T. DE WITT TALMAGE
AS I KNEW HIM
Our family Bible, in the record just between the Old and the New Testaments, has this entry: “Thomas DeWitt, Born January 7, 1832.” I was the youngest of a family of twelve children, all of whom lived to grow up except the first, and she was an invalid child.
I was the child of old age. My nativity, I am told, was not heartily welcomed, for the family was already within one of a dozen, and the means of support were not superabundant. I arrived at Middlebrook, New Jersey, while my father kept the toll-gate, at which business the older children helped him, but I was too small to be of service. I have no memory of residence there, except the day of departure, and that only emphasised by the fact that we left an old cat which had purred her way into my affections, and separation from her was my first sorrow, so far as I can remember.
In that home at Middlebrook, and in the few years after, I went through the entire curriculum of infantile ailments. The first of these was scarlet fever, which so nearly consummated its fell work on me that I was given up by the doctors as doomed to die, and, according to custom in those times in such a case, my grave clothes were completed, the neighbours gathering for that purpose. During those early years I took such a large share of epidemics that I have never been sick since with anything worthy of being called illness. I never knew or heard of anyone who has had such remarkable and unvarying health as I have had, and I mention it with gratitude to God, in whose “hand our breath is, and all our ways.”

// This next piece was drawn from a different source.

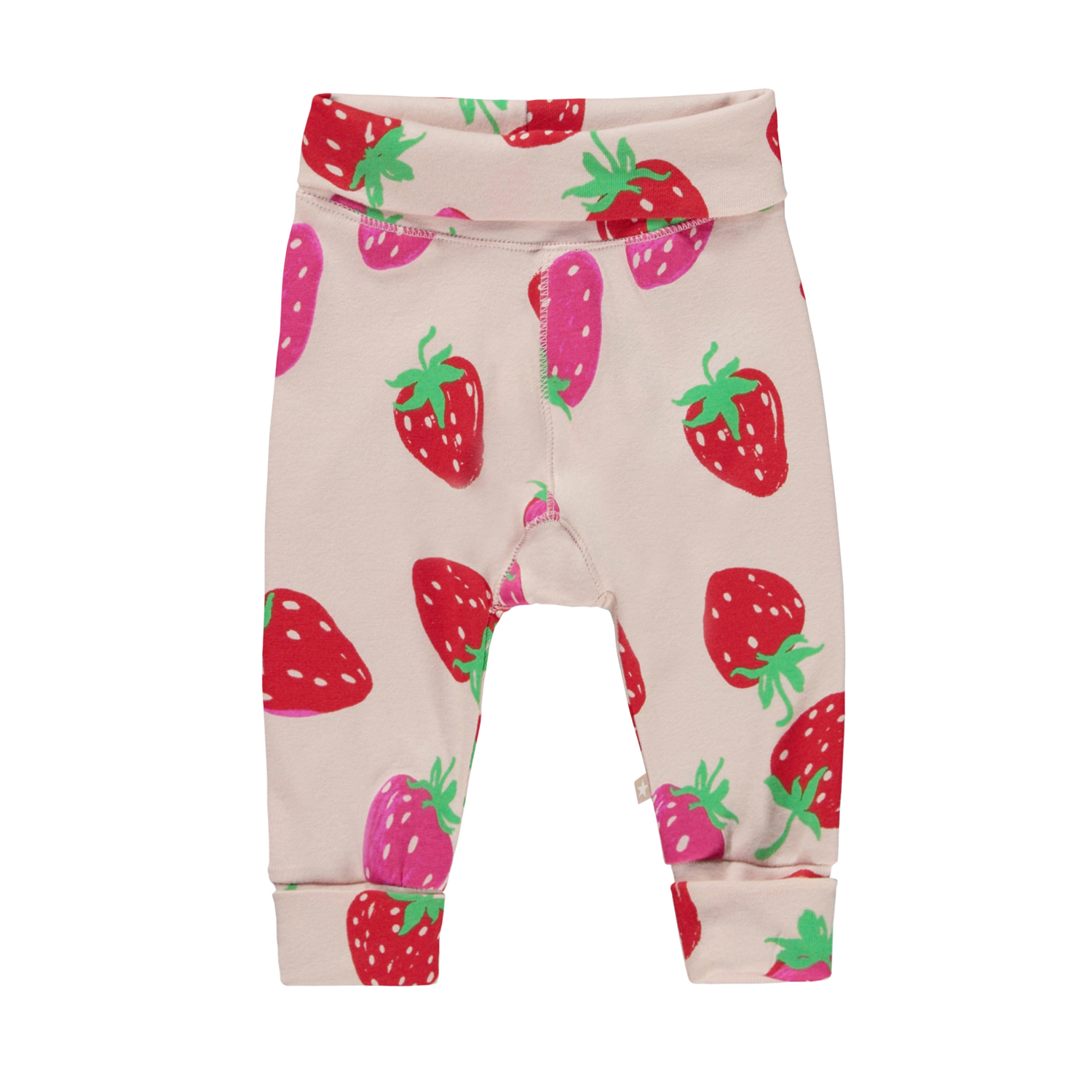 San is een roze babybroek met een aardbeienprint. Het heeft een breed, opgerold elastiek rond de taille en enkels.
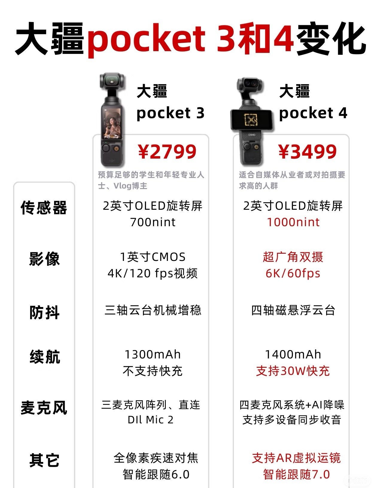 大疆Pocket4 Pocket 4 (即将发布): 这是目前大家最期待的新款!根据爆料,它将带来不少升级,比如传感器升级到1英寸+、新增超广角双摄、支持6K/60fps视频录制,屏幕亮度也更高了。预计价格在3499元起,可能会在2026年第一季度发布。

The “grippe,” as it is called, touched me at Vienna when on my way from the Holy Land, but I felt it only half a day, and never again since.
I often wonder what has become of our old cradle in which all of us children were rocked! We were a large family, and that old cradle was going a good many years. I remember just how it looked. It was old-fashioned and had no tapestry. Its two sides and canopy were of plain wood, but there was a great deal of sound sleeping in that cradle, and many aches and pains were soothed in it. Most vividly I remember that the rockers, which came out from under the cradle, were on the top and side very smooth, so smooth that they actually glistened. But it went right on and rocked for Phoebe the first, and for DeWitt the last.
There were no lords or baronets or princes in our ancestral line. None wore stars, cockade, or crest. There was once a family coat-of-arms, but we were none of us wise enough to tell its meaning. Do our best, we cannot find anything about our forerunners except that they behaved well, came over from Wales or Holland a good while ago, and died when their time came. Some of them may have had fine equipages and postilions, but the most of them were sure only of footmen. My father started in life belonging to the aristocracy of hard knuckles and homespun, but had this high honour that no one could despise: he was the son of a father who loved God and kept His commandments. Two eyes, two hands, and two feet were the capital my father started with.